Em seu julgamento, o Ministro Celso de Mello afirmou que o acórdão oriundo do TJSC transgrediu o art. 227 da Constituição da República, eis que a proteção aos direitos da criança e do adolescente deve ser considerada como um dos direitos sociais mais expressivos existentes na Carta Federal, subsumindo-se à noção dos direitos de segunda geração. Continuando o julgamento o referido Ministro afirmou que o Município de Florianópolis estava inadimplente com a satisfação de um dever de prestação positiva, ressaltando que era obrigação do Município criar condições objetivas que viabilizassem, em favor das crianças e adolescentes, com absoluta prioridade, o direito à vida, à saúde, à alimentação, à educação, ao lazer, à profissionalização, à cultura, à dignidade, ao respeito, à liberdade e à convivência familiar e comunitária, além de colocá-los a salvo de toda forma de negligência, discriminação, exploração, violência, crueldade e opressão, nos termos do art. 227, caput, da Constituição da República.

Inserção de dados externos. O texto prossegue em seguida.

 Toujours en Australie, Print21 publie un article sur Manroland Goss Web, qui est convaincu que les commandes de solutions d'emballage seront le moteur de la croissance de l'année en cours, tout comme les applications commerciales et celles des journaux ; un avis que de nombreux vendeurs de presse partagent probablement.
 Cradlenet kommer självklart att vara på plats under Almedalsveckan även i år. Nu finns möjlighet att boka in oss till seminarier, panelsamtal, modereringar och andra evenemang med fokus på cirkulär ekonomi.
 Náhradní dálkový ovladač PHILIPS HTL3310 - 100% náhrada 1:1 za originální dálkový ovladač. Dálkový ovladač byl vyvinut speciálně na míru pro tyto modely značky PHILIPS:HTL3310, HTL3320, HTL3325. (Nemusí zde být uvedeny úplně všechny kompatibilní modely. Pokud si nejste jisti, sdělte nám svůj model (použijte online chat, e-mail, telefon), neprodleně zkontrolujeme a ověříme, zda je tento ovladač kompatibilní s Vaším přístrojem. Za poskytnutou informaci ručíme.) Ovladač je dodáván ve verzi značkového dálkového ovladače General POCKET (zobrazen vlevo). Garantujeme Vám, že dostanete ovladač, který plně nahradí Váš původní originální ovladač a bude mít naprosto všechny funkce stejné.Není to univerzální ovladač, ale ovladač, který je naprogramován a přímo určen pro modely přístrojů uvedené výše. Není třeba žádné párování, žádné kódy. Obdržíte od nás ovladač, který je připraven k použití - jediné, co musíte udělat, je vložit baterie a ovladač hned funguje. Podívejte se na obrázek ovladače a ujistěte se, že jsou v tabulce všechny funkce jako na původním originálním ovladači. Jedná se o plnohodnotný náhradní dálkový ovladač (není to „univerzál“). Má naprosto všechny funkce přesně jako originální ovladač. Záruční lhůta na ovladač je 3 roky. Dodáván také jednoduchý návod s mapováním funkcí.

Dentre outras razões, o Ministro afirmou que em julgamentos onde se discute a concretização de políticas públicas garantidoras dos direitos infanto-juvenis, o Supremo Tribunal Federal considerando a dimensão política da jurisdição constitucional outorgada a

referida Corte, não pode omitir-se do gravíssimo encargo de tornar efetivos os direitos econômicos, sociais e culturais, que se identificam - enquanto direitos de segunda geração - com as liberdades positivas, reais ou concretas. Ressaltou, também, que o administrador não tem discricionariedade para deliberar sobre a oportunidade e conveniência de implementação de políticas públicas discriminadas na ordem social constitucional, pois a necessidade de implementação das referidas políticas públicas já foi objeto de deliberação por parte do Constituinte e do legislador infraconstitucional que elaborou as normas de integração.

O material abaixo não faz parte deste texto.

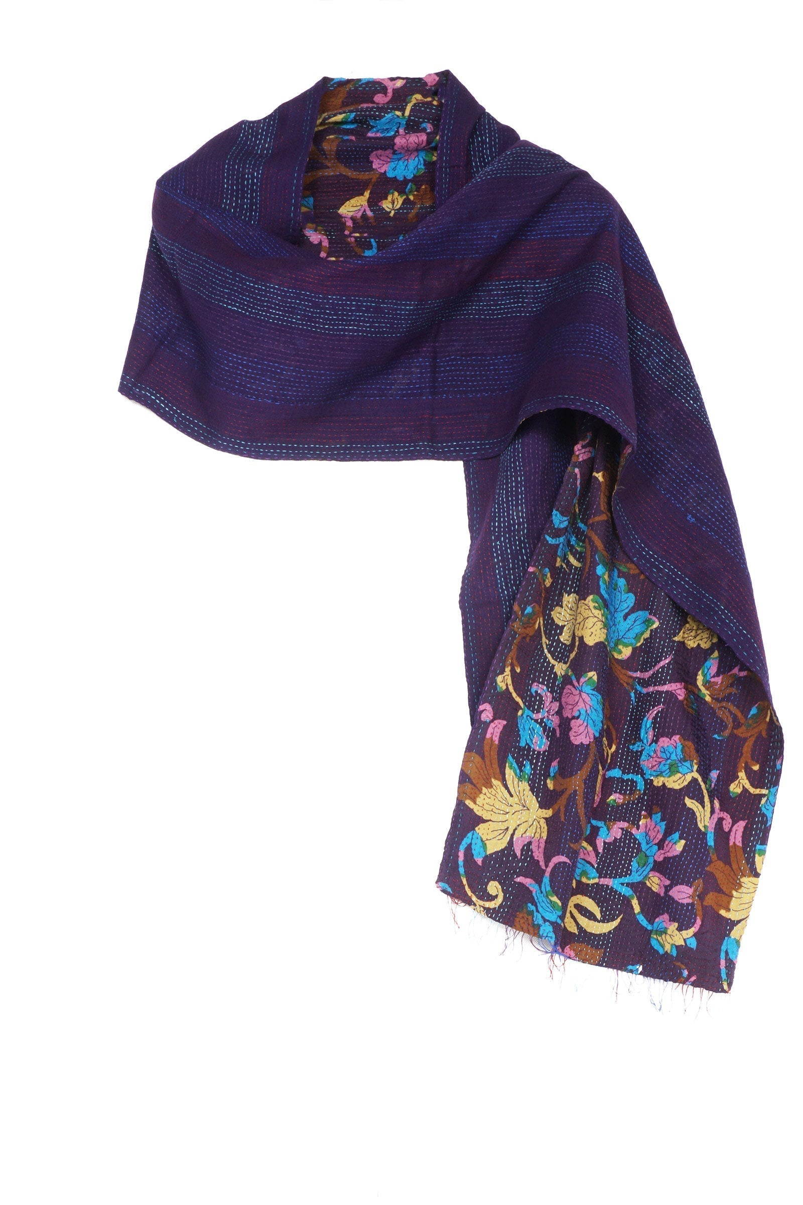 FLORAL SILK PRINT KANTHA SCARF SMALL - fs2800-nvy -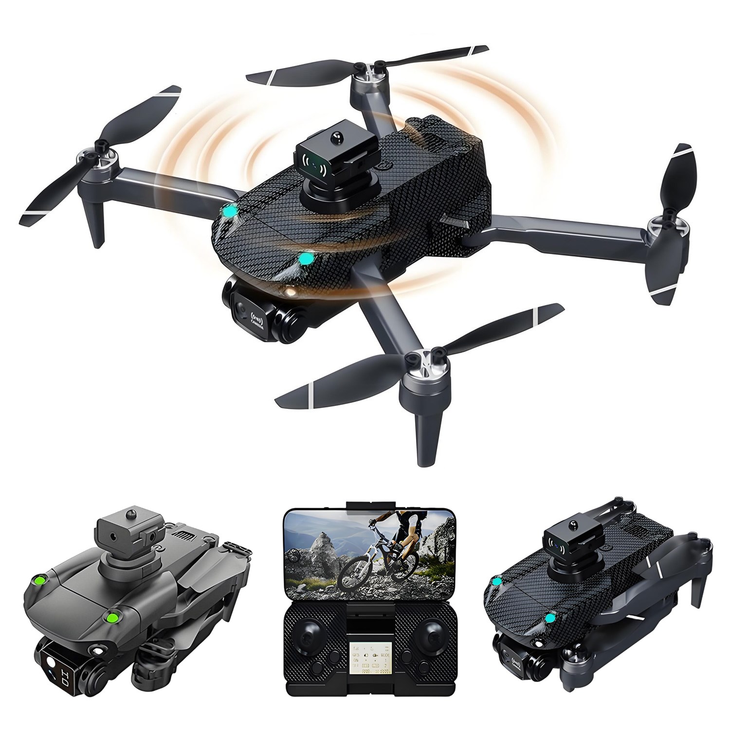 Features: Brushless motor, optical flow positioning, intelligent obstacle avoidance, ESC camera, dual-lens switching, high-capacity battery, MV production/sharing, HD image transfer, foldable body, 360° roll, low battery warning, GPS return, one-key backward, 50x zoom, trajectory flight, headless mode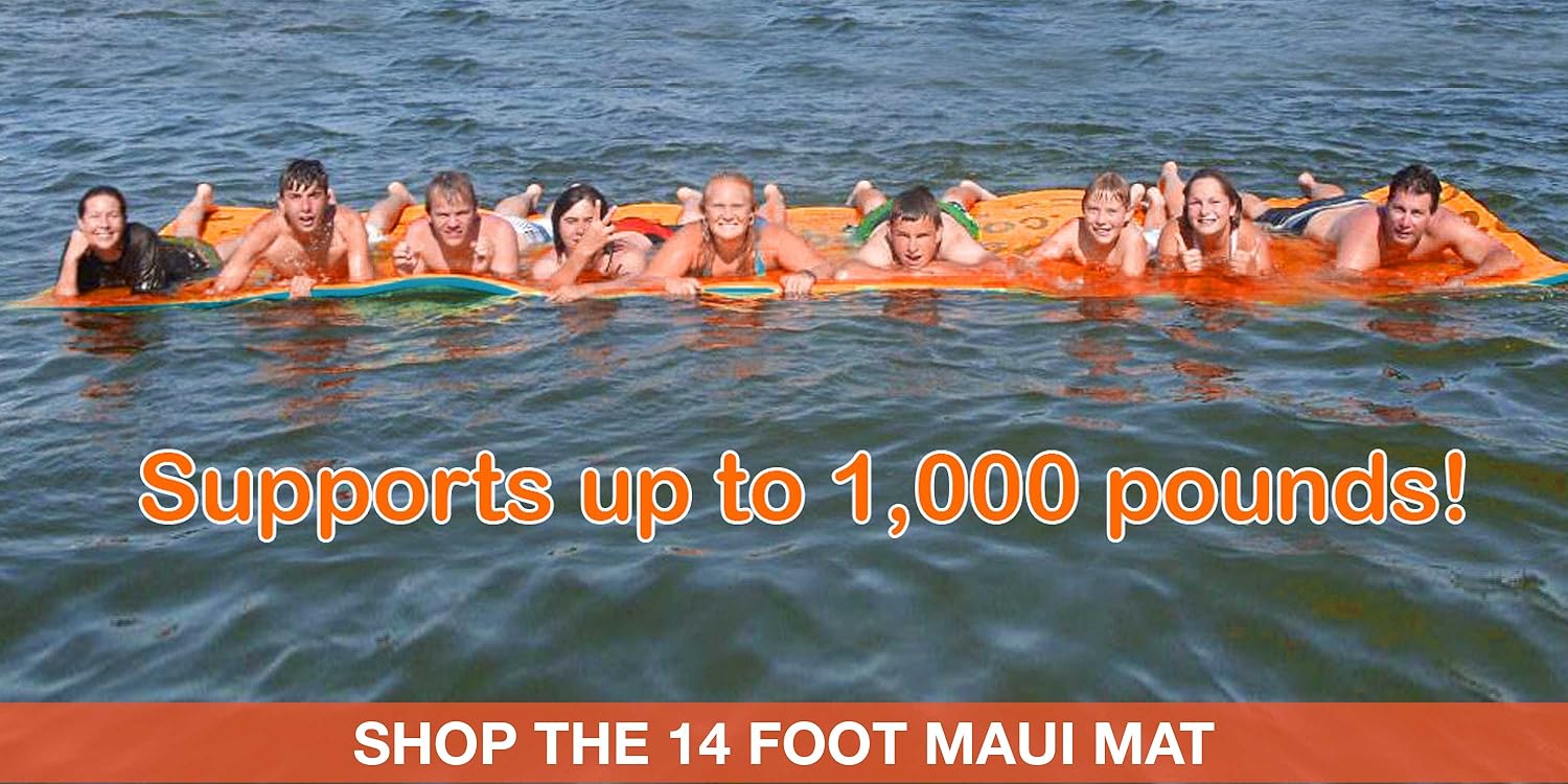 The maui mat offers a tropical vibe with orange and teal colors and is two feet longer than the original aqua lily water mat.
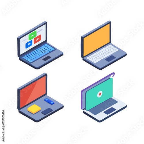 Isometric Laptop Icons Diverse Designs for Digital Projects
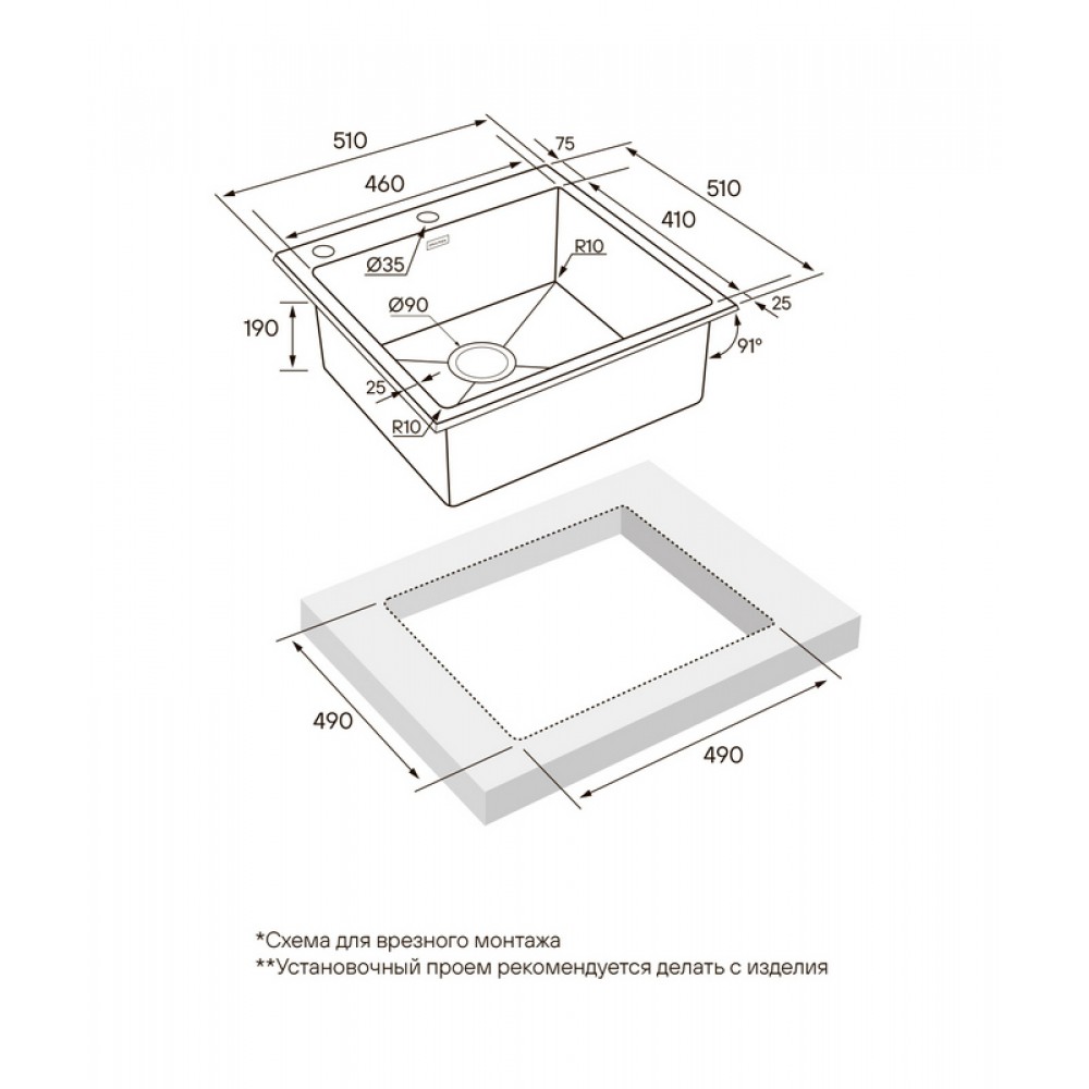 | Установканад столешницей | Формапрямоугольная |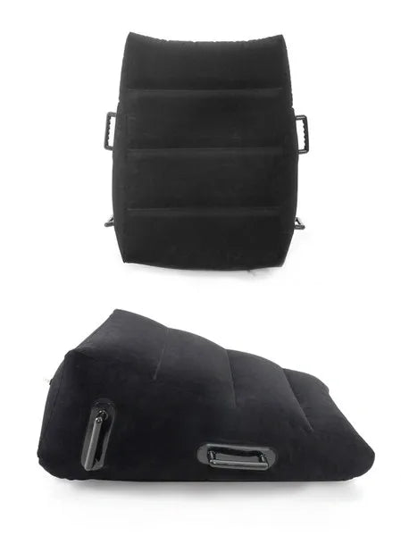 Indulge in your wildest fantasies with this Inflatable Position Master. The slanted, flocked design allows you to relax in any position without sliding off, while the EZ-Grip love handles are perfect for maintaining difficult positions without losing your rhythm. The air seal valve makes inflating the wedge a snap, and when the fun is over, simply deflate the Position Master and it's ready to go where you go. It's perfect for those romantic getaways and no one will know whats in your bag! Do it all with greater ease...no matter what position you're in! And lubricant doesn't even show up on the surface making it easy to clean, too! Holds up to 300 lbs. Inflatable dimensions are 14" tall tapering down to 7" tall, 31 1/2" long (end to end), and 24" wide. Includes: Inflatable Ultra Position Master with EZ-Grip Handles

Em seu arremate, o Ministério Celso de Mello destacou que o Supremo Tribunal Federal, ao suprir as omissões inconstitucionais dos órgãos estatais e ao adotar medidas que objetivam restaurar a Constituição violada pela inércia dos Poderes do Estado, nada mais faz senão cumprir a sua missão institucional e demonstrar, com esse gesto, o respeito incondicional que tem pela autoridade da Lei Fundamental da República, ressaltando que o suprimento de omissões inconstitucionais, realizada em sede jurisdicional, notadamente quando emanada da Corte Suprema, torna-se uma necessidade institucional, quando os órgãos do Poder Público se omitem ou retardam, excessivamente, o cumprimento de obrigações a que estão sujeitos por expressa determinação do próprio estatuto constitucional, ainda mais se se tiver presente que o Poder Judiciário, tratando-se de comportamentos estatais ofensivos à Constituição, não pode se reduzir a uma posição de pura passividade.